An extremely difficult country in which to live because of the visual contrast of us against them, or ‘the other’, and the multi-dimensional hierarchy of wealth and power, South Africa today is more divided than it is united. Indeed, many blacks have been left out of ‘Mandela’s South Africa.’

 

 

 

Madiba Day

 

Madiba, Mandela writes in his ‘Long Walk to Freedom,’ is both the anti-apartheid hero’s Xhosa clan name and the name of one of his many sons, all spawned by different wives.

 

Madiba is also the endearing term which garners the most respect for the now ailing former President, and when Nastya and I were watching TV last Saturday, Nelson Mandela’s 91st birthday, that term was most often used when referring to the ‘inspiration’ and ‘pride’ the living national icon instilled in not only South Africans or Africans, but the human race.

 

Throughout the duration of the day, TV programs had entire segments dedicated to Mandela the child, Mandela the Xhosa, Mandela the teenager, the man, the political pioneer, the prisoner, the president, and the legend. Men who spent many of their lives in Robbin Island with Mandela, former ministers in his administration, friends, and colleagues all donned themselves to speak about their experiences with Mandela; helicopters equipped with long-range video cameras swarmed Mandela’s mansion in Haughton—a multi-millionaire enclave of exquisite wealth, rivaling some of the most expensive and elegant Hollywood homes; and people all over the country were beckoned to do a selfless deed in their community for 67 minutes, a  figure which, when subtracted from the current year, represents the year Mandela officially acted on his political consciousness and embarked on his long walk to freedom, beginning with rejecting the conventional wisdom elite blacks were taught about the honorable Englishman and climaxing with Mandela’s attendance at his first ANC meeting.

 

The only man missing from the elaborate celebration was Nelson Mandela, whose old age and deteriorating mental and physical health have been cited as reasons for the charismatic leader’s increasingly common absences at public events.

 

 

 

 

The Apartheid Museum

 

Keen on avoiding what was sure to be long, winding lines of locals and tourists alike at South Africa’s most comprehensive Apartheid Museum, my group and I decided to pay tribute Sunday to the most sophisticated and long-lived example of institutionalized racial segregation in the history of mankind.

 

The museum itself is situated right off the M1 highway, between Johannesburg and Soweto, on the same plot of land as Gold Reef City, a property now an amusement park but long ago one of the vastest gold mines, one that was owned by whites yet labored by black South Africans and foreigners from across the continent looking for work during an industrial boom.

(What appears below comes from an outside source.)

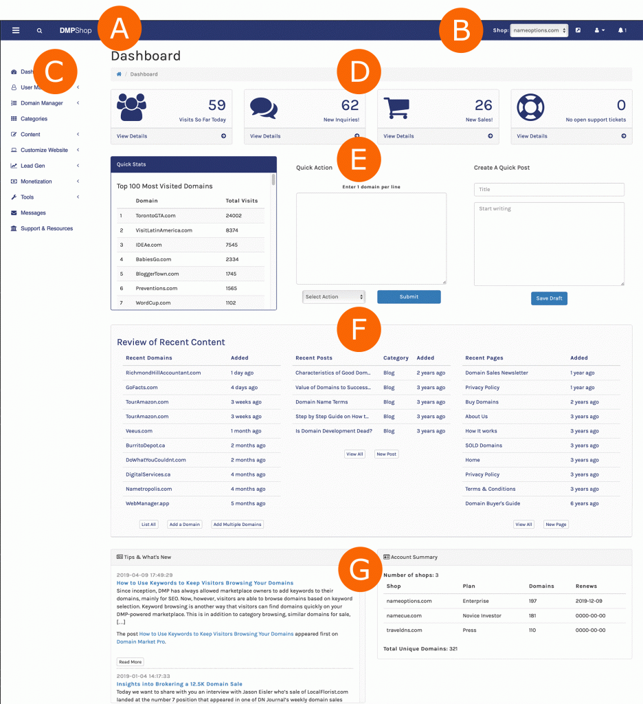 Alert boxes that let you know current activity: Visit So Far Today, Number of Inquiries, Sales, and and open Support Tickets.

Workers were paid next to nothing in return for working more than 12 hours, were mistreated, beaten, exploited, and if lucky enough to survive the wrath of their master, died in work-related accidents in record numbers; the rich history of South African protest and revolt began with one of the largest mineworkers strikes organized by the Communist party and the ANC in 1946.

 

At the entrance of the museum hung three identical banners, approximately 20 feet high and 4 feet wide, that bore Mandela’s face in different colors—not unlike Andy Warhol’s iconic Campbell’s soup cans. The museum, a large building that inside traveled through time with each tourist like a labyrinth, was more wide than it was tall, made purely of brick, and completely unassuming. In an effort to evoke emotion and create a sense of identification between the subject and the historical implications of apartheid, museum staff recreated the entrance as a typical 1950’s or 60’s South African entrance.

 

“European Entrance Only, by Order” the sign above John’s head read. The museum employee motioned him and Nastya through it.

 

“Non-European Entrance Only, by Order” was the sign under which I was told to walk. And so I did. Checking my dignity, pride, morals and smarts, I was now just a thing, distinguished only by race and the inability with it associated. I walked underneath the sign, between the walls, through the entrance and into a room full of giant ID cards that classified people as either Zulu, Xhosa, African, European, Colored, or Asian; as with all other layers of apartheid, material goods, including ID cards, become more desirable with rank—unchanging, permanent, hereditary rank. While the cards—referred to as passes, to be shown by all citizens at all times to enforce apartheid rules and regulations such as residency, familial ties, and segregated employment—for Europeans were professional and organized, the cards for Zulus were thinner, carelessly signed, an lacking order. Although by 1955, eight years after apartheid, some 12 million people had been registered under the Pass System, the security measure was in reality implemented to control and targeted at South Africa’s silenced democratic voice: blacks.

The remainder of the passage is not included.